Explainable artificial intelligence (XAI) analyses further highlighted the relationship between performance and biological interpretability. Grad-CAM heatmaps revealed that high-performing models (DPN, EdgeNeXT, RepVGG) focused approximately 92% of their decision mechanisms on biologically meaningful regions (cap surface, gills, stipe) [54]. In contrast, this proportion dropped to 65–67% in low-performing models, where attention often shifted toward background textures or noise. Integrated Gradients (IG) analysis confirmed these findings: in high-performing models, about 85% of pixels contributed positively to classification, while in low-performing models this proportion fell below 60% [55]. The Xception + DPN fusion model demonstrated particularly balanced attention, simultaneously focusing on fine textural details and overall morphological structures, thereby reducing misclassification rates in the most challenging species pairs (e.g., C. atramentaria and C. lagopus).
These results align closely with findings reported across other disciplines. In agricultural image classification, EfficientNet-based models have consistently demonstrated high accuracy in the detection of plant leaf diseases, with XAI analyses confirming reliable attention to lesion regions [56,57]. In medical image analysis, MobileNet-V3 has demonstrated strong trade-offs between speed and accuracy in histopathological classification [58], with Grad-CAM analyses consistently achieving a high level of reliability in correctly identifying tumor regions [59]. In ecological datasets, background variability and environmental conditions have posed challenges, yet deeper and more scalable architectures such as DenseNet121 and EfficientNet-B3 have exhibited superior generalization capacity [60,61]. Taken together, the patterns observed in this study are consistent with cross-disciplinary findings, underscoring the broader generalizability of high-capacity deep learning architectures in biologically complex classification tasks while highlighting the situational advantages of lightweight models in speed-critical applications [62,63].
Despite the strong performance of several architectures and the comprehensive evaluation presented in this study, certain limitations should be acknowledged to provide a balanced understanding of the findings [32]. First, although the dataset comprises real-world field images, the distribution of samples across species is not fully uniform, which may introduce subtle biases in model learning [29]. Furthermore, the models were trained and tested on images originating from the same underlying environmental conditions, which may limit the generalizability of the results to broader ecological contexts or geographically diverse regions [64]. Another limitation is that the study focuses exclusively on coprinoid macrofungi, and therefore the applicability of the proposed architectures to other taxonomic groups remains an open question. Additionally, while XAI methods such as Grad-CAM and Integrated Gradients were employed to enhance interpretability, these techniques may not fully capture the complete decision-making dynamics of deep neural networks.
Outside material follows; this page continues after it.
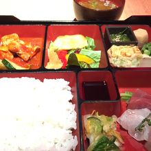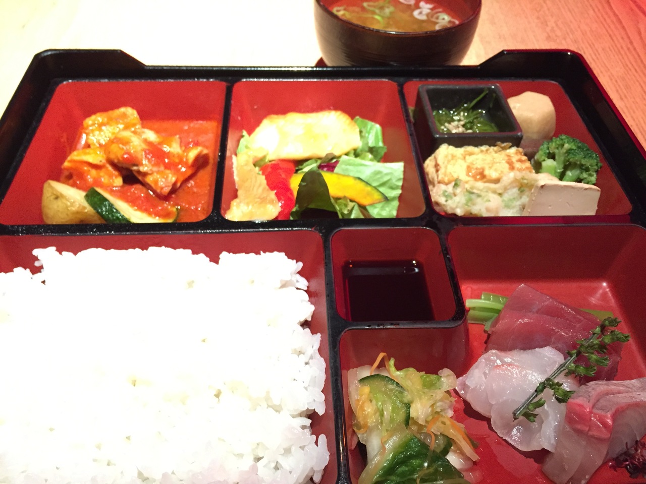 日生劇場の地下にあり 観劇の前のランチに利用しました。お肉もお魚も頂けるから良いかとツギハギ特選弁当(2000円)を注文。弁当とついてるから オシャレな重箱仕様なのかなと勝手に想像してましたが、なんか 違う感じで少しガッカリでした。お友達もガッカリしてました。夜にお邪魔した時はすごく素敵なお皿と盛り付けで良かったのですが・・・。

Future work could address these limitations by incorporating larger and more diverse datasets, evaluating cross-domain generalization, and integrating multimodal or high-resolution morphological features to strengthen the robustness of the models [29,32,65].

5. Conclusions

This study comprehensively evaluated the effectiveness of deep learning-based approaches for classifying seven morphologically similar coprinoid macrofungi species using quantitative and qualitative metrics. Systematic comparison of ten different CNN architectures and three original fusion models revealed that the DPN architecture achieved the highest performance with 89.35% accuracy, 0.8764 Matthews Correlation Coefficient (MCC), and 0.9886 AUC. The Xception and DPN fusion model demonstrated 88.89% accuracy and 0.8803 MCC, confirming that architectural integration can enhance performance. In contrast, lightweight models such as LCNet and MixNet were limited to 72.05% accuracy and 0.6744 MCC, respectively.
Supporting the quantitative findings, Explainable Artificial Intelligence (XAI) analyses showed that high-performing models focused 92% of their decision mechanisms on biologically relevant regions (cap surface, lamellae, stipe), while this ratio dropped to 67% in low-performing models. Misclassification analysis detected a 23% confusion rate between Coprinopsis atramentaria and Coprinopsis lagopus species, quantitatively demonstrating the classification challenge posed by morphological similarities.
The findings of this study demonstrate the practical applicability of deep learning-based automated identification systems in macrofungi taxonomy. Three main directions are proposed for future work: (1) creating multi-modal datasets integrating microscopic images with macro images, (2) working on expanded datasets comprising different plant families and habitats to test model generalization capability, and (3) comparative evaluation of different image processing algorithms such as segmentation-based R-CNN and Transformers. These directions will further enhance the accuracy and reliability of automated species identification systems, contributing significantly to digital taxonomy and biodiversity monitoring studies.

Author Contributions

Conceptualization, Ö.B.A., F.E. and M.S.G.; methodology, A.F.K., M.S. and I.A.; software, Ö.B.A., A.A., F.E. and M.S.G.; validation, M.S.G., E.K., A.F.K. and F.E.; formal analysis, Ö.B.A., A.A. and I.A.; investigation, F.E. and M.S.G.; resources, E.K. and I.A.; writing—original draft preparation, Ö.B.A.,M.S., I.A. and F.E.; writing—review and editing, M.S.G., A.F.K. and E.K.; visualization, Ö.B.A., A.A., M.S., A.F.K. and F.E.; supervision, M.S.G., I.A. and F.E. All authors have read and agreed to the published version of the manuscript.

Funding

This research received no external funding.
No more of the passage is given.